European Communities – Employment – Transfer of undertakings – Safeguarding of workers’ rights – Interpretation of directive – Definition of transfer – Council Directive (EEC) 77/187.
The management authority of a hospital concluded an agreement with S, under which s took over the management of catering services within the hospital. Disagreements subsequently arose between the management authority and S, leading s to refuse to provide the contracted services for two months. During that time, the respondent firm provided the catering services in the hospital. The management company terminated its contract with S, and informed it that the contract would be awarded to the applicant. s contended that that constituted a transfer of the undertaking, although as the respondent had refused to take over S’s materials, stock and employees, s reduced stocks so that there was nothing left and terminated the employment contracts of its employees.

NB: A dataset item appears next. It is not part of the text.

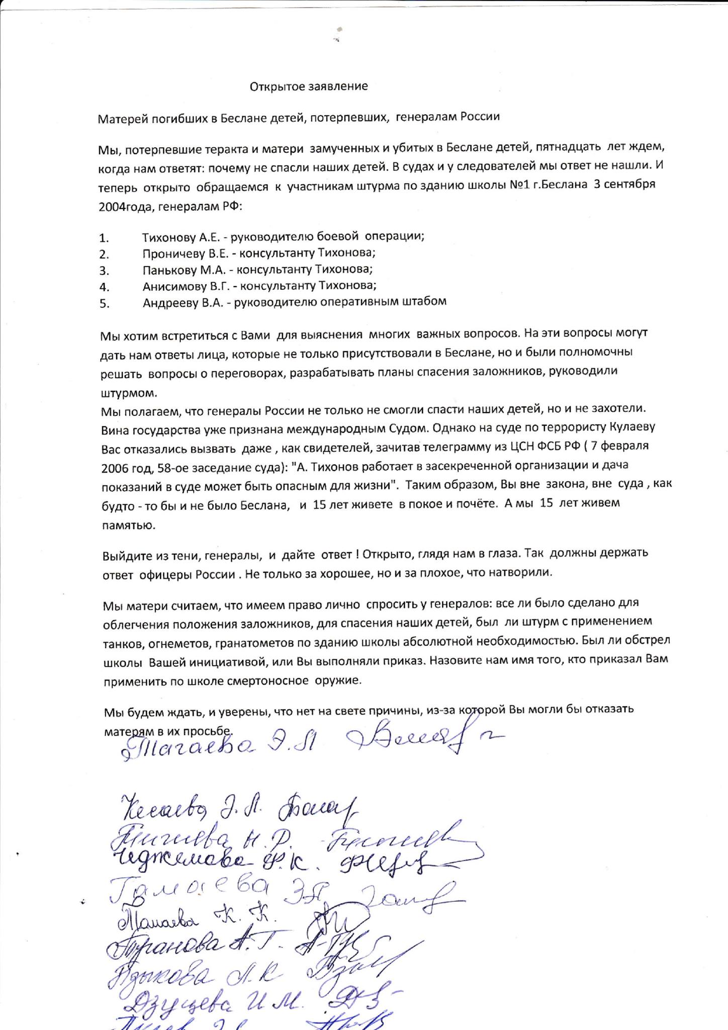 Нет таких слов, которые могли бы утешить людей, потерявших в сентябре 2004 года своих детей и близких, но есть слова благодарности тем, кто рисковал своей жизнью, чтобы спасти заложников, и тем, кто хранит наш покой сегодня. (Отсюда.)
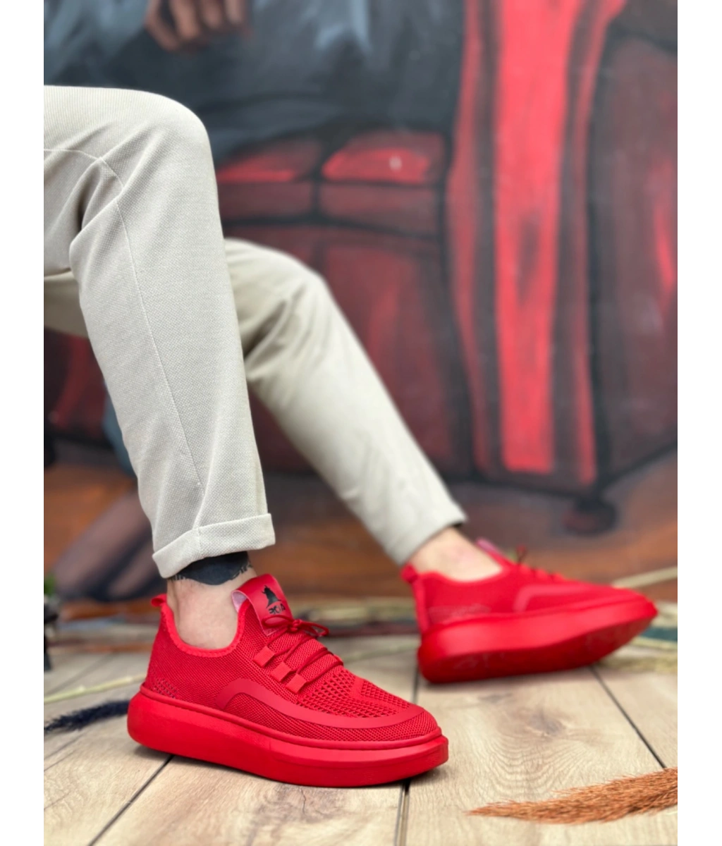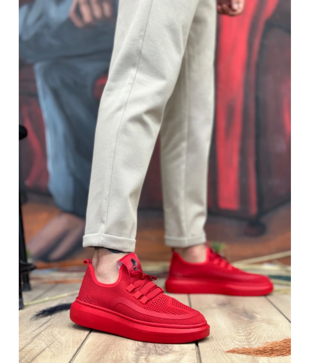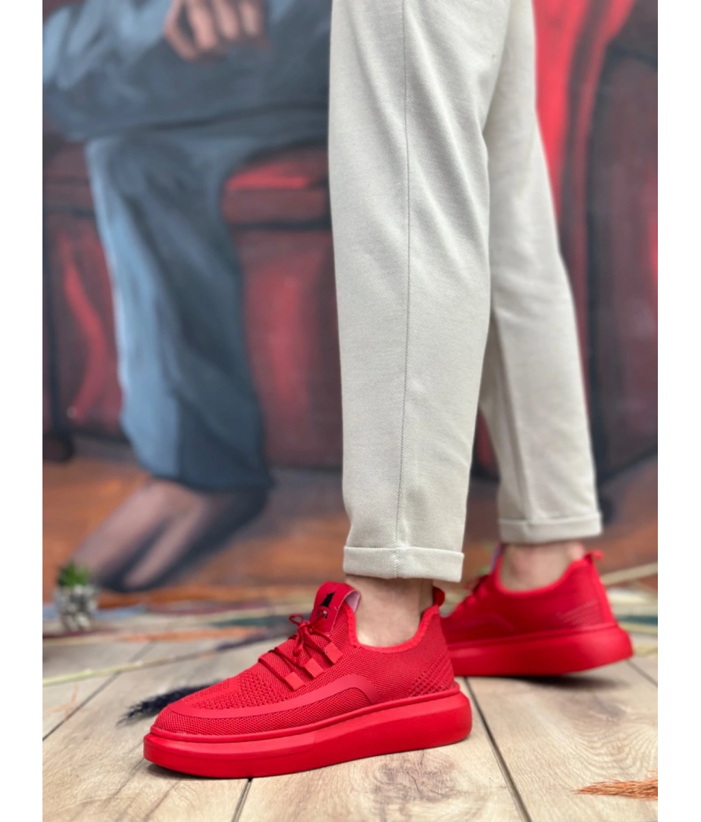 Shoecide Sb0375 Özel Örme Triko Tarz Kırmızı Renk Spor Ayakkabı

The applicants, who were amongst those employees, brought an action against the respondent seeking a declaration that their employment relationship continued with the respondent on the basis of provisions of national law on transfers of undertakings. The action was dismissed on the basis that the requirements of a transfer of an undertaking had not been met as there had been no transfer of staff. The applicants’ appealed against that decision. The higher court allowed that appeal, having found that a transfer had taken place since, in essence, an economic entity which retained its identity had been transferred. The respondent appealed against that decision. The court stayed proceedings and referred to the Court of Justice of the European Communities for a preliminary ruling the question whether art 1 of Council Directive (EEC) 77/187 (on the approximation of the laws of the member states relating to the safeguarding of employees’ rights in the event of transfers of undertakings,businesses or parts of businesses) had to be interpreted as applying to a situation in which a contracting authority which had awarded the contract for the management of catering services in a hospital to one contractor terminated that contract and concluded a contract for the supply of the same services with a second contractor, where the second contractor, on the one hand, used substantial parts of the tangible assets previously used by the first contractor and subsequently made available to it by the contracting authority and, on the other hand, refused to take on the employees of the first contractor.
The Court ruled:
Article 1 of the directive had to be interpreted as applying to a situation in which a contracting authority which had awarded the contract for the management of the catering services in a hospital to one contractor terminated that contract and concluded a contract for the supply of the same services with a second contractor, where the second contractor used substantial parts of the tangible assets previously used by the first contractor and subsequently made available to it by the contracting authority, even where the second contractor had expressed the intention not to take on the employees of the first contractor.
The aim of the directive was to ensure continuity of employment relationships within an economic entity, irrespective of any change of ownership. The decisive criterion for establishing the existence of a transfer within the meaning of the directive was whether the entity in question retained its identity, as indicated by the fact, inter alia, that its operation was actually continued or resumed. It was clear from the wording of art 1 of the directive that it was applicable whenever in the context of contractual relations, there was a change in the legal or natural person who was responsible for the carrying on of the business and who, by virtue of that fact incurred the obligations of an employer in respect of the employees of the undertaking, regardless of whether or not ownership of the tangible assets was transferred. The fact that the tangible assets taken over by the new contractor did not belong to its predecessor but were provided by the contracting authority could not preclude the existence of a transfer within the meaning of the directive.